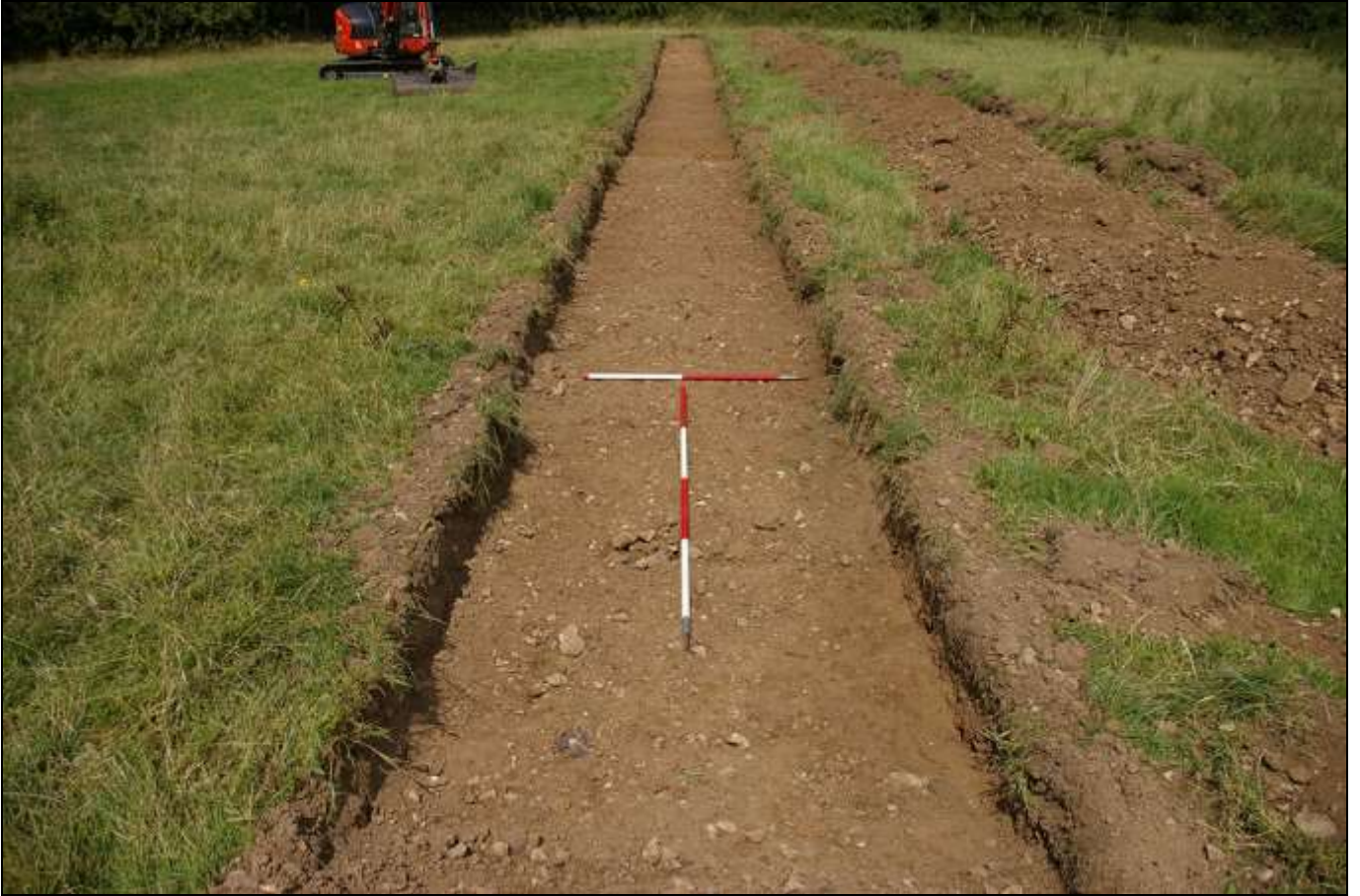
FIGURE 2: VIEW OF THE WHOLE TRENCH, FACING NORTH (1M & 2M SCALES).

---

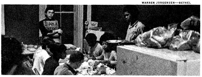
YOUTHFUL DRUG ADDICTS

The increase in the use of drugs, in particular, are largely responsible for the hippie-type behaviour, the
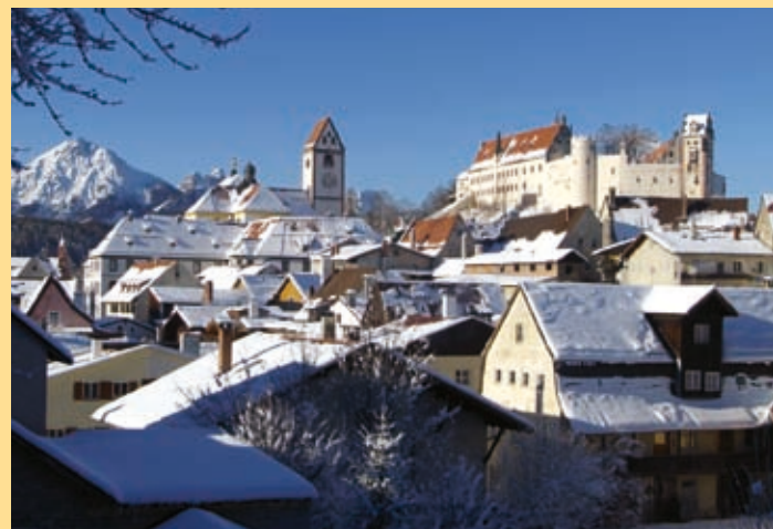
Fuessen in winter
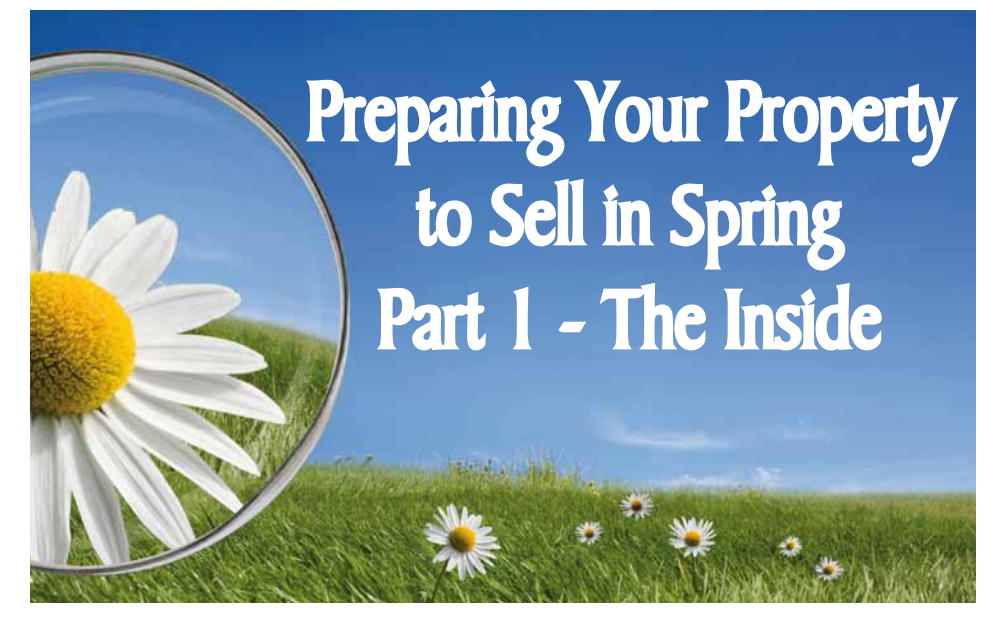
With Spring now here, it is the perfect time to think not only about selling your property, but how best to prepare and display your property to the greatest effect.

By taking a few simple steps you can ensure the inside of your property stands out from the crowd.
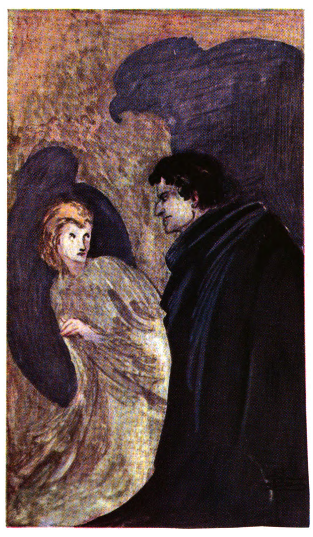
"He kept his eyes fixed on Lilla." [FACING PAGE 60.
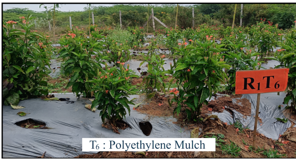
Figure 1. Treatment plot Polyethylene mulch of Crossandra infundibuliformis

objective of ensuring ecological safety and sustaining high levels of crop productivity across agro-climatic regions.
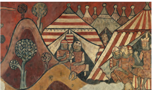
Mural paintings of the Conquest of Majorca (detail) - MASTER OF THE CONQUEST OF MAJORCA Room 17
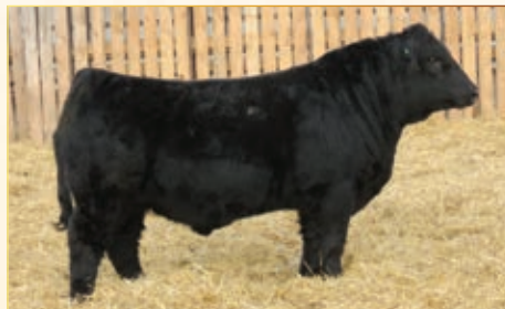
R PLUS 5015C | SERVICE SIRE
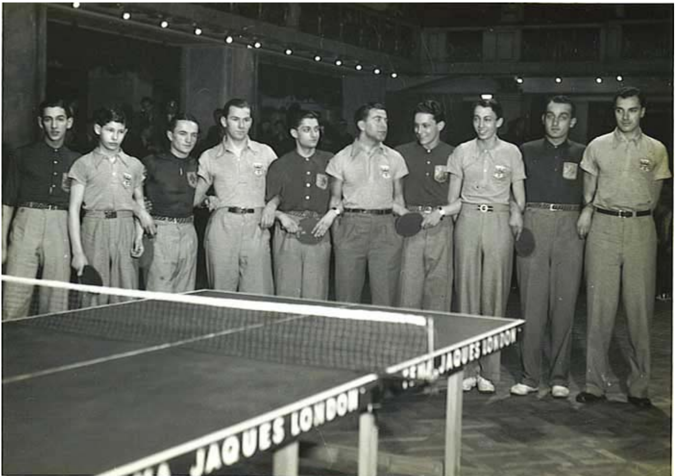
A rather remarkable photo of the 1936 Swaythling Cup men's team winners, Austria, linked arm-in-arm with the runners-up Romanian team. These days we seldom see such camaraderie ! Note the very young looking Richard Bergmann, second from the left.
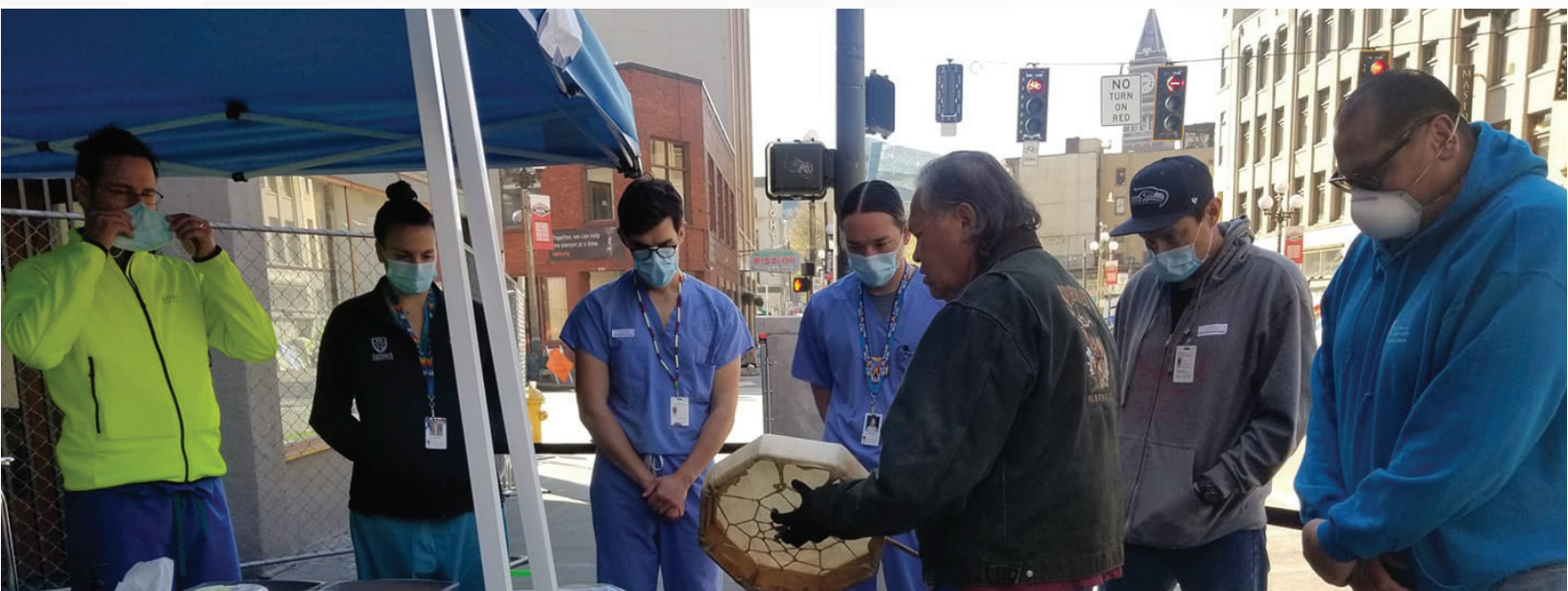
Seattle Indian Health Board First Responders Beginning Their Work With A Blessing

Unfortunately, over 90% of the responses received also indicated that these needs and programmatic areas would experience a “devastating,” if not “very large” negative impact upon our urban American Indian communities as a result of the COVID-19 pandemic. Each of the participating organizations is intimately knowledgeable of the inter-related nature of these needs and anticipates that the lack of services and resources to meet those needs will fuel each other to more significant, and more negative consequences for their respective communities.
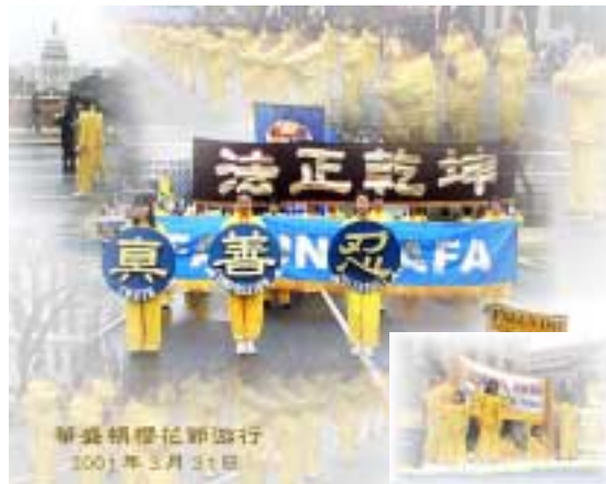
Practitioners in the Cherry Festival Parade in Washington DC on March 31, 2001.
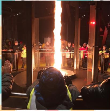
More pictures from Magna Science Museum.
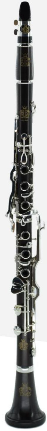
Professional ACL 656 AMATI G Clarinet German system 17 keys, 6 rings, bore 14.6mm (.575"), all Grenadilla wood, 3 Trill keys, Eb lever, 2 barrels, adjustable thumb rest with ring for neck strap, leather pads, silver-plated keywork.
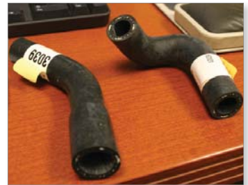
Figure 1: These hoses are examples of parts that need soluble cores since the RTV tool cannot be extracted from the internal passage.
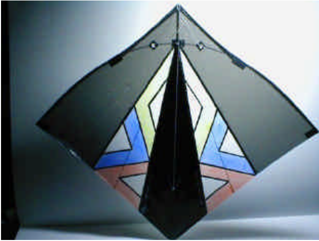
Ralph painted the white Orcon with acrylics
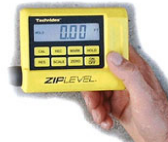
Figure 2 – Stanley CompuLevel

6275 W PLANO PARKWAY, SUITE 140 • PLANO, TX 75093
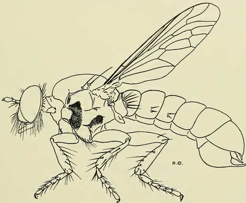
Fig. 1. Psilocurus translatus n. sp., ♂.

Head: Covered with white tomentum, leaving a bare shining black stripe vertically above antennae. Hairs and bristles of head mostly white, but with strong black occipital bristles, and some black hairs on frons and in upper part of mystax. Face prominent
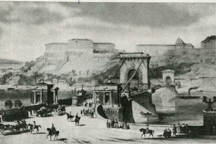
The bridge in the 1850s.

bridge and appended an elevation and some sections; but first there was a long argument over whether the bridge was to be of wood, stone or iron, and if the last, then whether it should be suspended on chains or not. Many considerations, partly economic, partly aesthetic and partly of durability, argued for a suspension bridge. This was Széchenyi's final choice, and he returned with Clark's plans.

REQUIREMENT
All lines of the records containing "that" should be shown.

ANSWER SECTION
Unfortunately, over 90% of the responses received also indicated that these needs and programmatic areas would experience a “devastating,” if not “very large” negative impact upon our urban American Indian communities as a result of the COVID-19 pandemic. Each of the participating organizations is intimately knowledgeable of the inter-related nature of these needs and anticipates that the lack of services and resources to meet those needs will fuel each other to more significant, and more negative consequences for their respective communities.
Figure 1: These hoses are examples of parts that need soluble cores since the RTV tool cannot be extracted from the internal passage.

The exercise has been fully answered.